Wunsch Ii D C, Marks Ii R J, Caudell T P, Capps C D
Appl Opt. 1992 Sep 10;31(26):5681-7. doi: 10.1364/AO.31.005681.
The feasibility of using certain types of binary phase-only filter (BPOF) is investigated. A critical aspect of correlation filters is not often addressed in research on BPOF's: how well do they perform as classifiers in the presence of imperfectly matching templates? It is not enough to detect a single given signal in the presence of noise; it is equally critical to make the correct classification among a number of possible templates with a low false-alarm rate. We show that (+1, -1)-valued BPOF's based on the real part of a conventional matched filter can cause misclassification of simple patterns, even in the absence of noise. These are known to be suboptimal, but the seriousness of their limitations illustrates an important design issue. It is therefore concluded that other types of filters must be used for correlator-based neural network implementations and image processing in general. We also include a commentary on the potential for facing this type of problem with general POF's and BPOF's. The theoretical results are supported by computer simulation and optical experiments.

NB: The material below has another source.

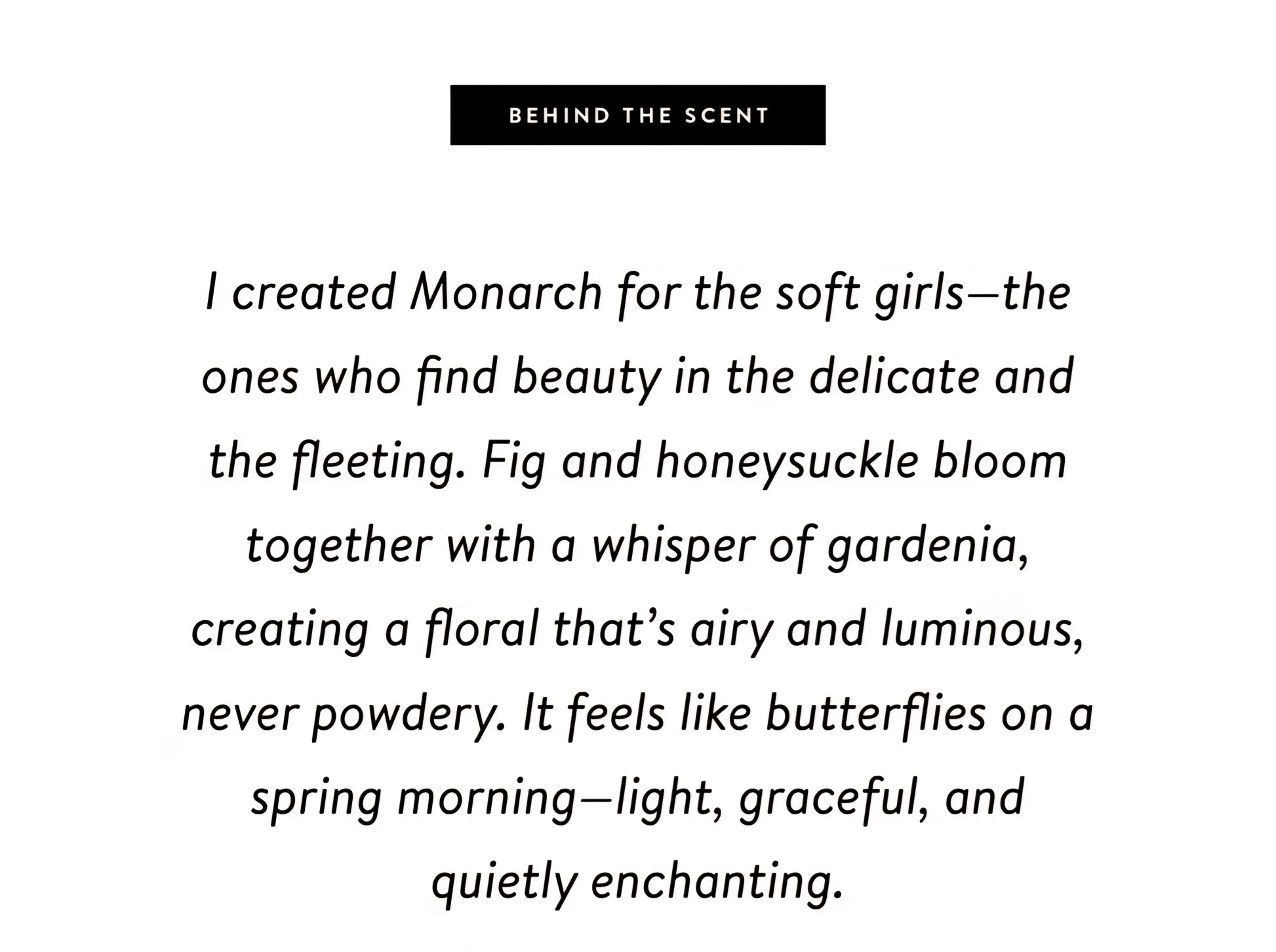 Monarch bottles the magic of butterflies — soft & delicate yet confident, breezy yet grounded. It’s a go-to floral that feels timeless, effortless, and just a little bit flirty.

研究了使用某些类型的二元纯相位滤波器(BPOF)的可行性。在BPOF的研究中,相关滤波器的一个关键方面常常未被涉及:在模板匹配不完全的情况下,它们作为分类器的性能如何?在有噪声的情况下检测单个给定信号是不够的;在多个可能的模板中以低误报率进行正确分类同样至关重要。我们表明,基于传统匹配滤波器实部的(+1,-1)值BPOF即使在没有噪声的情况下也可能导致简单模式的误分类。这些已知是次优的,但其局限性的严重性说明了一个重要的设计问题。因此得出结论,一般来说,其他类型的滤波器必须用于基于相关器的神经网络实现和图像处理。我们还对通用POF和BPOF面对这类问题的可能性进行了评论。理论结果得到了计算机模拟和光学实验的支持。